Companies have taken to incentivising wellness programmes by giving away wearable tech – but is it legal for them to use the data for performance evaluation?
More and more companies are now aware of the need to introduce wellness programmes within the organisation and some have taken to incentivising their programmes by providing wearable tech to employees.
Unfortunately, this also comes with its own set of complications. For example, fitness trackers have the ability to track and record its wearer’s sleep and exercise activity, stress levels, heart rate as well as their location and even biometric data, in some cases.
Can companies then legally use the data collected as part of their evaluation of the employee’s performance and behaviour, even if the information is collected outside of work?
“The law does permit a company to do so if it had obtained the consent of its employees or otherwise notified them that the personal data that it was collecting from the wearable tech outside of office hours was also to be used in the employees’ performance review,” said Shaun Lee, supervising associate at JWS Asia Law Corporation.
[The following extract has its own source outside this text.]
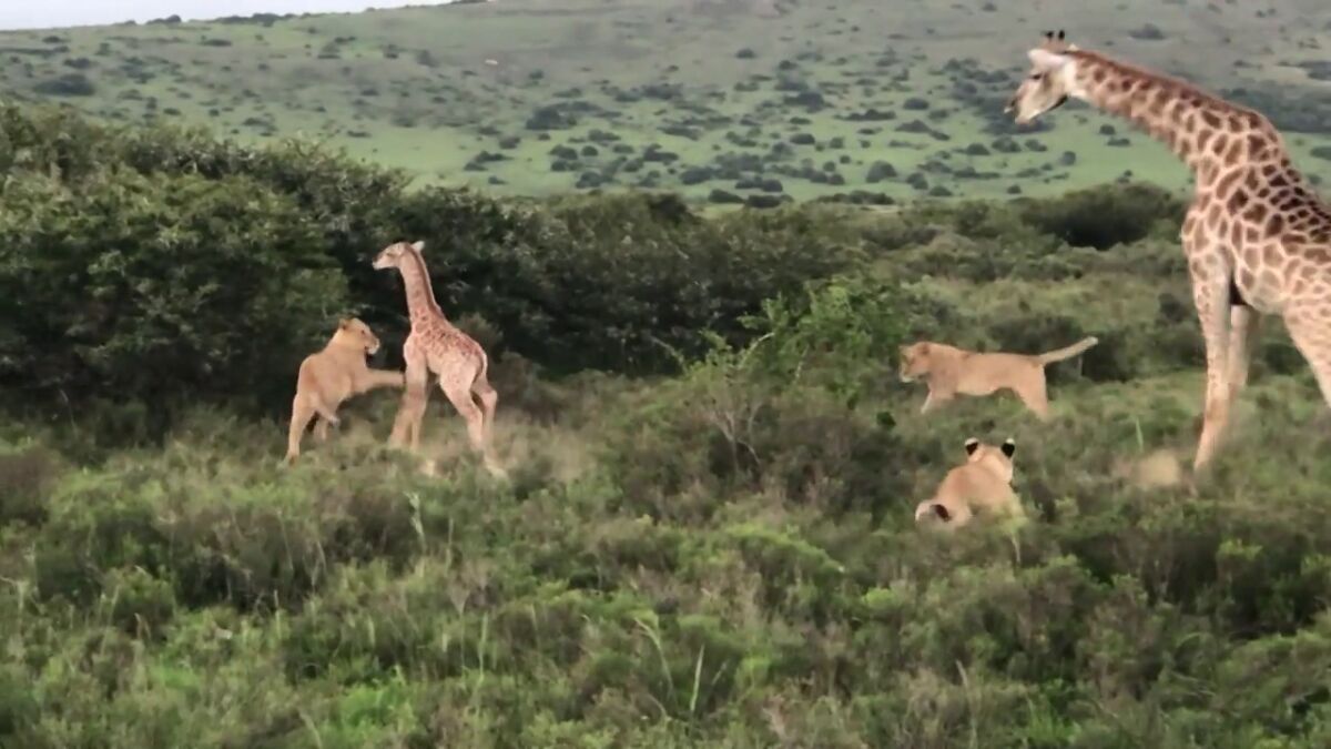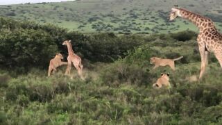 Una jirafa salva milagrosamente a su cría del brutal ataque de unas leonas

“One of a company’s basic obligations under the Personal Data Protection Act 2012 (PDPA) is to obtain an individual’s consent when collecting, using and/or disclosing his or her personal data.”
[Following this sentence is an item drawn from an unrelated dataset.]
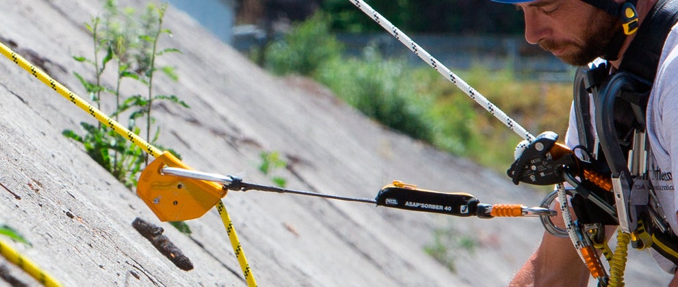 Einfaches einstellbares Verbindungsmittel mit integriertem FalldämpferDas einfache einstellbare ABSORBICA-I VARIO-Verbindungsmittel mit kompaktem Falldämpfer ist zur Fortbewegung an einem horizontalen Geländerseil (Textil- oder Drahtseil) oder auf einer Hebebühne ohne Passieren von Zwischensicherungen konzipiert.Es ist für Anwender/-innen geeignet, die zwischen 60 und 140 kg wiegen.Es ist mit dem VARIO-Einstellsystem ausgestattet, um die Länge des Verbindungsmittels anzupassen und somit die potenzielle Sturzhöhe zu reduzieren.Das VARIO-Einstellsystem lässt sich mit einer Hand bedienen und ermöglicht eine einfache Längenverstellung des Verbindungsmittels, um die Sturzhöhe zu reduzieren.Im Falle eines Sturzes wird der auf die anwendende Person ausgeübte Fangstoß durch das progressive Aufreißen des Gurtbands des Falldämpfers reduziert. Die Verbindungsmittel sind für Anwender/-innen bestimmt, die zwischen 60 und 140 kg wiegen.Um die Einsätze abzusichern, bietet Petzl ein Modul zur schnellen und einfachen Berechnung des Sturzraums an, mithilfe des Gewichts der anwendenden Person und der Länge des Verbindungsmittels. Verfügbar auf Petzl.com.

“While a company could rely on the PDPA’s exception to obtaining consent under the matrix of ‘managing or terminating an employment relationship between the organisation and that individual’, it still needs to notify the individual of the purpose of the collection, use or disclosure of personal data prior to the same.”
Nevertheless, he said companies should expect some level of resistance from employees in consenting to having their personal data used for such purposes.
At the end of the day, clearly communicating your intentions to your employees and working out the type of information they are willing to share are key things to remember.